“On est passé insidieusement d’une critique du livre comme “contenant” peu moderne (i.e. en papier, etc.) à une critique du livre comme contenu. Sanger cite notamment des commentaires de geeks affirmant que personne ne lit plus les classiques comme Guerre et Paix [en], considérés comme trop longs et pas intéressants (bref pas assez “modernes”). En parallèle émerge l’idée qu’Internet modifie nos capacités cognitives (tendances à zapper d’un contenu à l’autre sans se focaliser – Is Google making us stupid ? [en]). Le point central derrière cette idée étant que, désormais, toute connaissance est relativement accessible sur le web et donc qu’il est inutile de s’encombrer le cerveau avec des connaissances “inutiles” qui prennent un temps infini à consolider.”
“Au fond, je me demande si cette façon de penser ne marque pas surtout la prédominance de plus en plus importante du génie (au sens ingénierie) sur la science elle-même.

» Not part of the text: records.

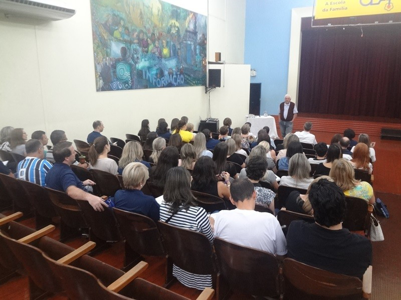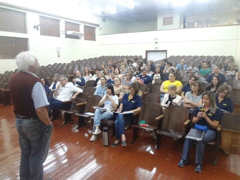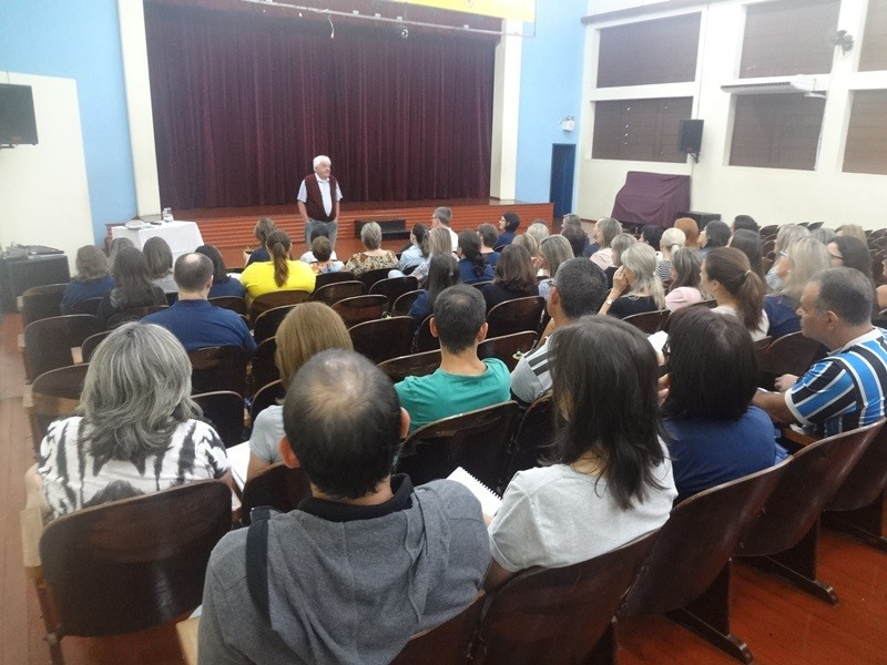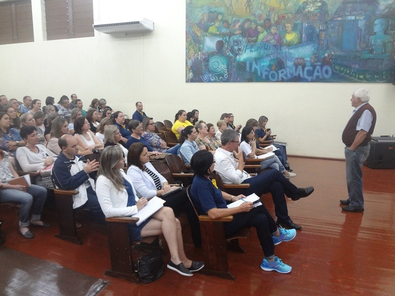 A maior parte da manhã se destinou à palestra, com vários momentos de interação dos professores, do pastor emérito da IECLB Harald Maslchitzky. Tendpo como gancho o jubileu de 500 anos da Reforma Protestante, comemorado em 2017, fez um apanhado histórico do contexto em que Martinho Lutero viveu. Apresentou tópicos da vida do monge reformador e mostrou como suas concepções foram sendo construídas para, na parte final, abordar especificamente a visão luterana para a escola.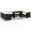 vidaXL Vrtna sedežna garnitura z blazinami 10-delna poli ratan črna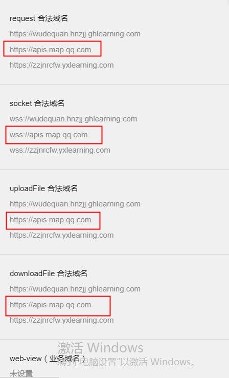 因为是代码片段便没有设置合法域名,但在我们自己项目中,合法域名是设置了的(下图为我们自己的项目中的域名配置)
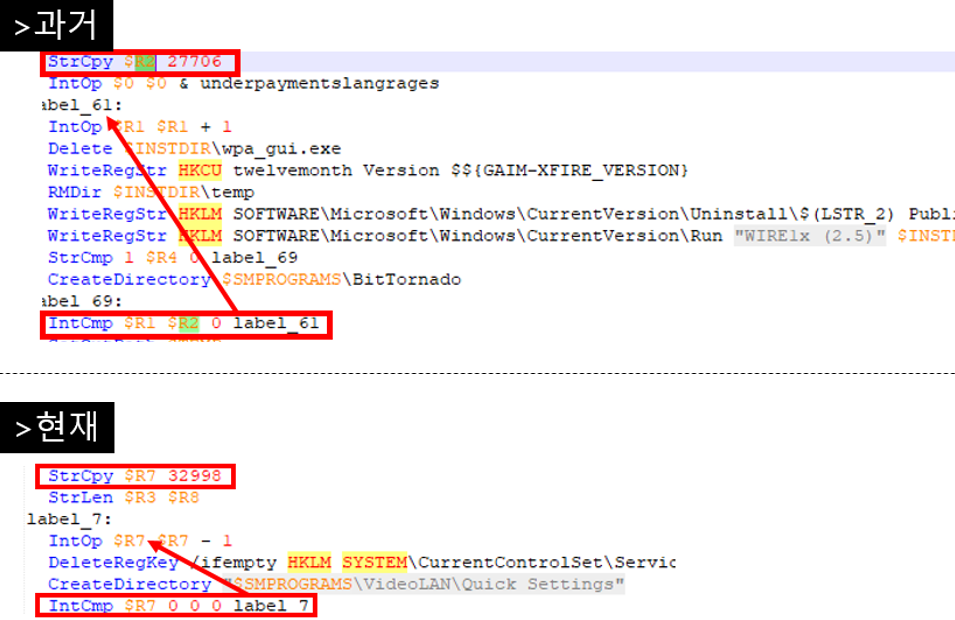 과거와 동일하게 현재도 시간 지연 코드를 가지고 있다. 위 [그림 2]의 하단 샘플로 예시를 들자면 디렉토리나 레지스트리 키에 접근하는 무의미한 행위를 $R7이 0이 될 때까지 32,998번을 반복 후 악성코드에 필요한 파일을 생성한다.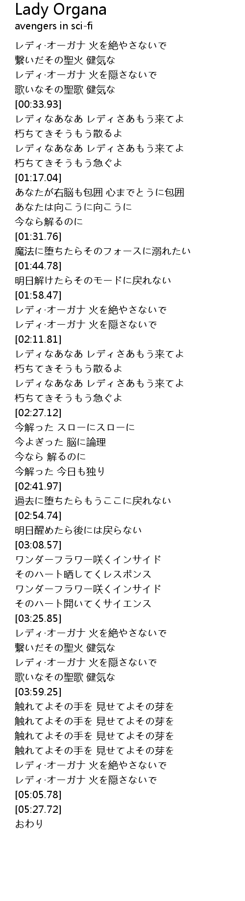 | [01:59.32] | レディ·オーガナ 火を絶やさないで |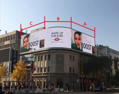 媒體規(guī)格:17.02米(寬) x 10.75米(高)=183平方米;播放時間:9:00 - 22:00; 15秒,60次/天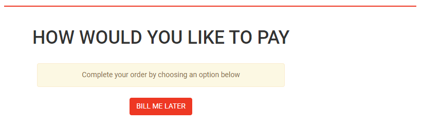 Once the confirmation has been made you will be presented with How would you like to pay screen. Click on ‘Bill Me Later’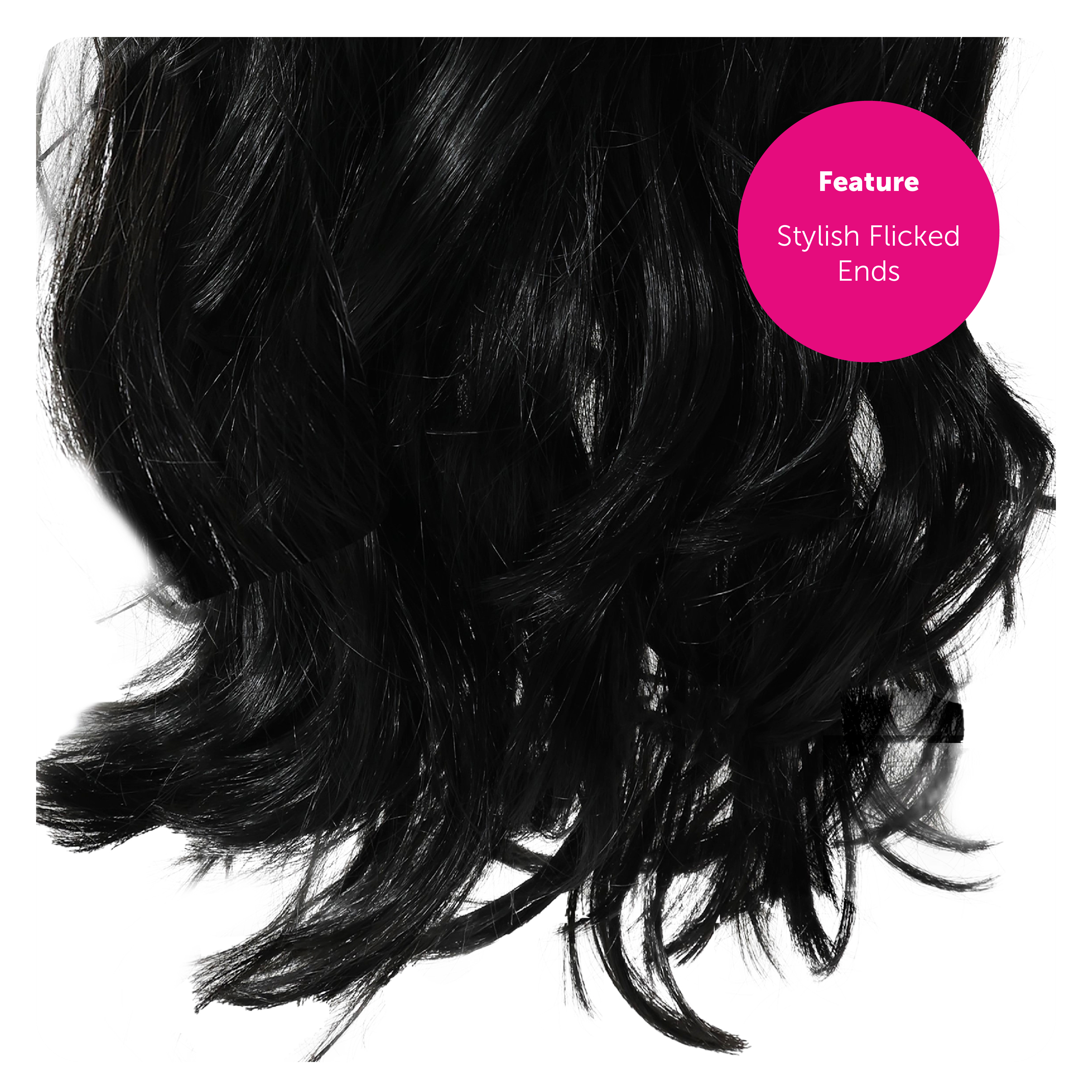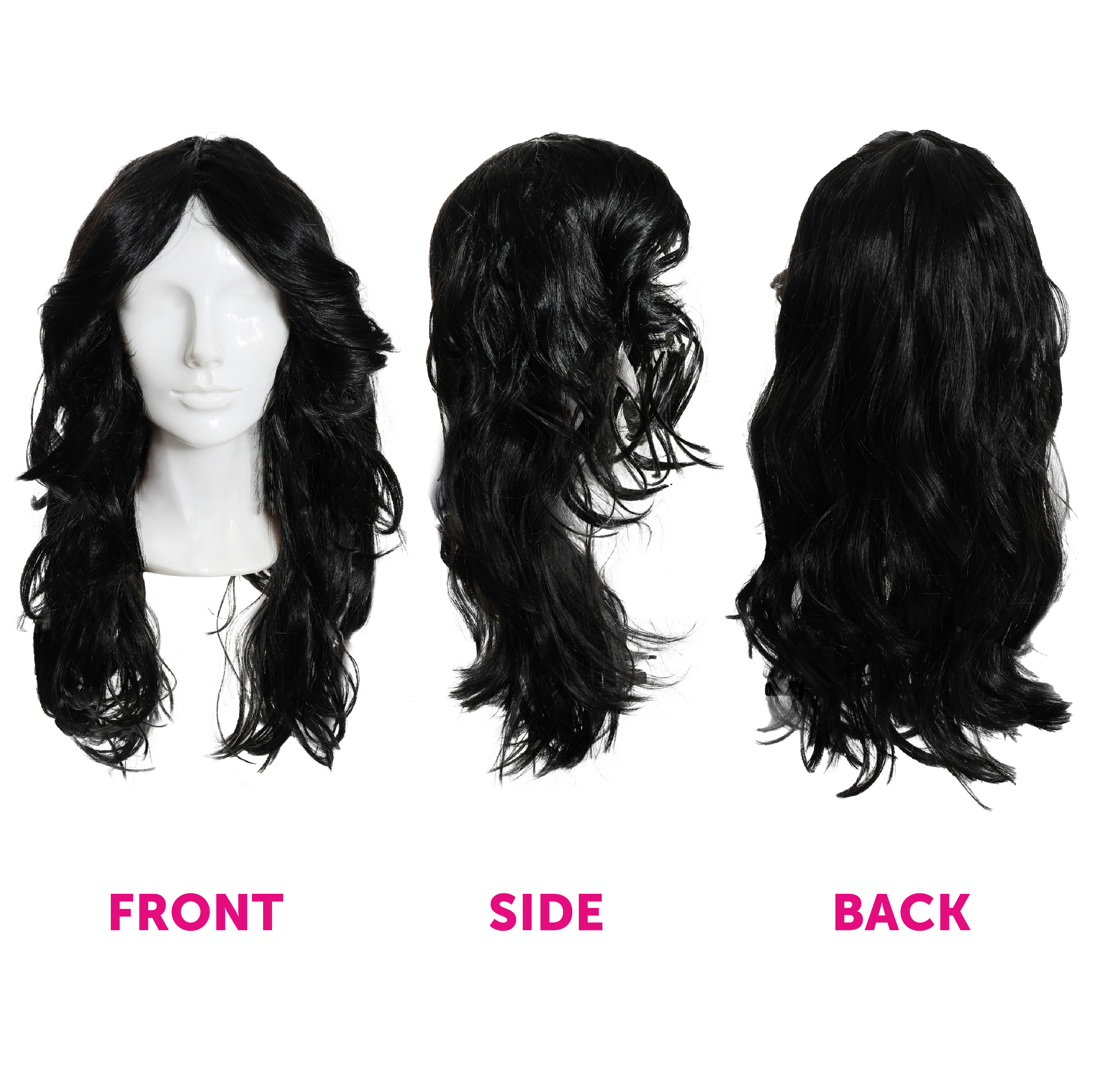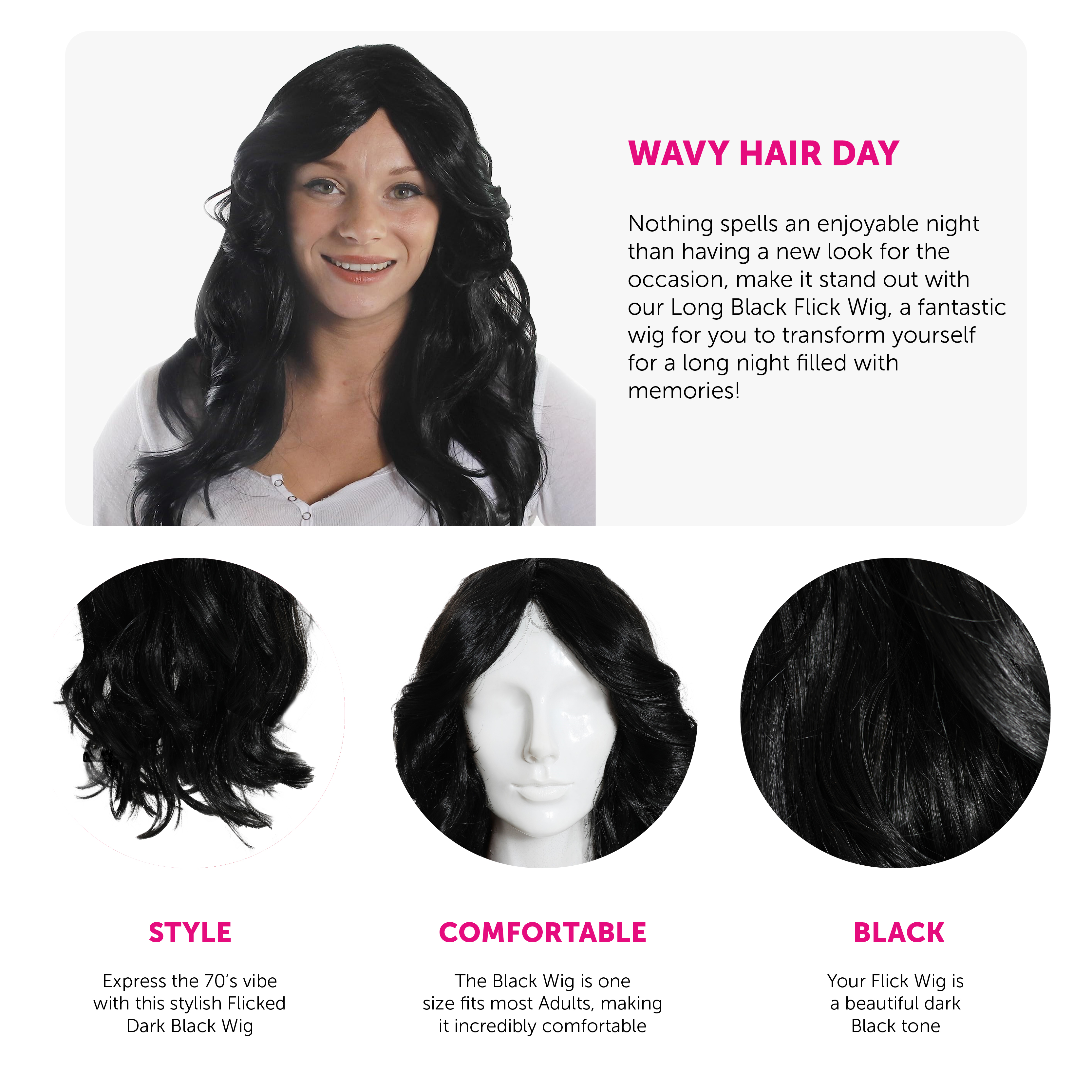 WIG DETAILS: This Adults Flick Wig is a luscious looking, Long Dark Black Wig with flicked out ends and parted down the middle, the perfect Wig for any fancy dress event!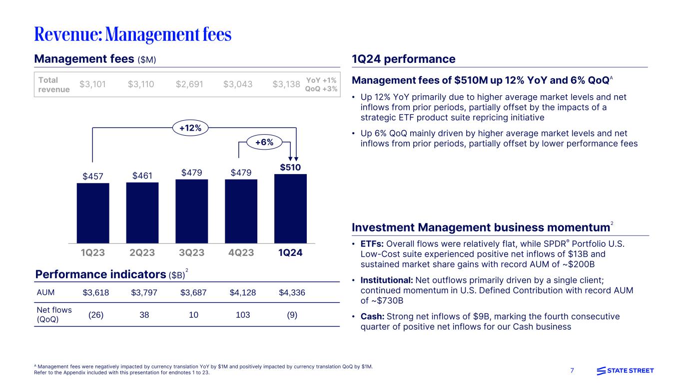 6 Servicing fees of $1,228M up 1% YoY and QoQA • Up 1% YoY primarily from higher average market levels, partially offset by pricing headwinds, lower client activity/adjustments including changes in client asset mix, and a previously disclosed client transition • Up 1% QoQ mainly due to higher average market levels, partially offset by lower client activity/adjustments including changes in client asset mix, and pricing headwinds Servicing fees ($M) 1Q24 performance 1,131 1,164 1,138 1,128 1,136 86 1Q23 95 2Q23 96 3Q23 84 4Q23 92 1Q24 $1,217 $1,259 $1,234 $1,212 $1,228 $3,101 $3,110 $2,691 $3,043 $3,138 YoY +1% QoQ +3% Total revenue Asset Services business momentum • New 1Q24 servicing fee revenue wins of $67M primarily related to Back office wins across Asset Managers and Alternatives client segments in North America and Europe1 • $291M of servicing fee revenue to be installed as of quarter-end, up $71M YoY and $21M QoQ1,2 • $474B in new servicing AUC/A wins, with the majority from the Asset Managers segment in both North America and Europe2 A Servicing fees were positively impacted by currency translation both YoY and QoQ by $3M and $4M, respectively. Refer to the Appendix included with this presentation for endnotes 1 to 23. +1% +1% Back office servicing fees Middle office services Flat +7% YoY % $112 $141 $149 $501 $474 3,647 2,365 2,255 2,302 2,576 68 39 91 103 67 Performance indicators AUC/A wins2 ($B) AUC/A to be installed2 ($B) Servicing fee rev. wins1 ($M)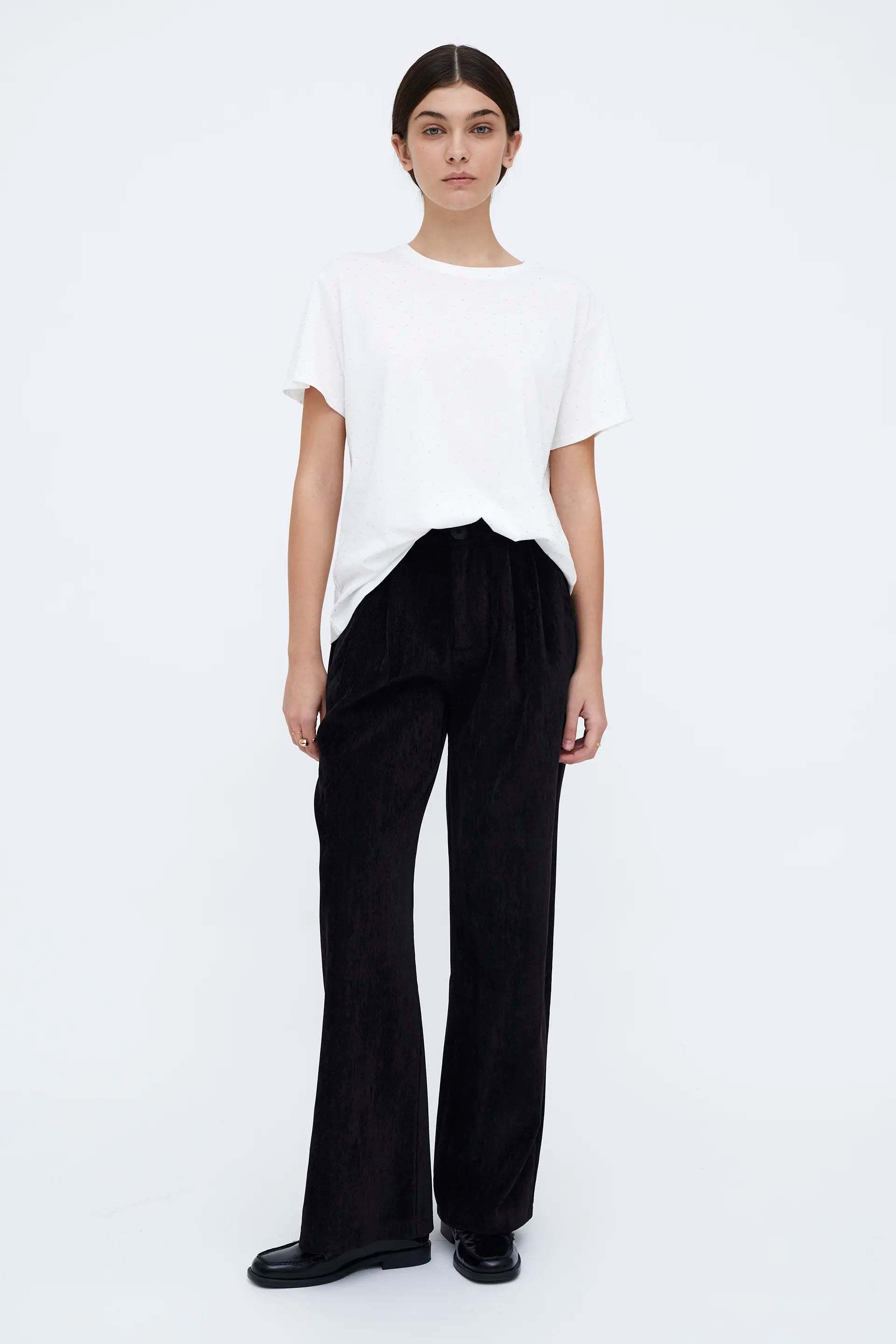 Camiseta de color blanco 100% algodón con apliques plateados. Cuello redondo y manga corta.

La science se retrouve en fait victime d’un double complexe de Frankenstein : d’une part, la créature (la technique) est constamment assimilée au créateur (la science), tout comme on fait souvent la confusion entre le monstre et le nom “Frankenstein”. Le grand public confond ainsi allègrement science et technique, le terme même de “geek” recouvre ces deux réalités différentes de l’académique et du technophile. D’autre part, la technique comme fin en soi tend donc à se substituer à la science, comme la créature se retourne contre son créateur. Les geeks Internet sont à la pointe de ce mouvement en considérant en somme que toute connaissance est réductible à un problème technique, et c’est là l’origine profonde de cet anti-intellectualisme. Souvenons-nous également de cette révélatrice anecdote canadienne. Plus que l’idiocracy, c’est la technocratie qui triomphe.”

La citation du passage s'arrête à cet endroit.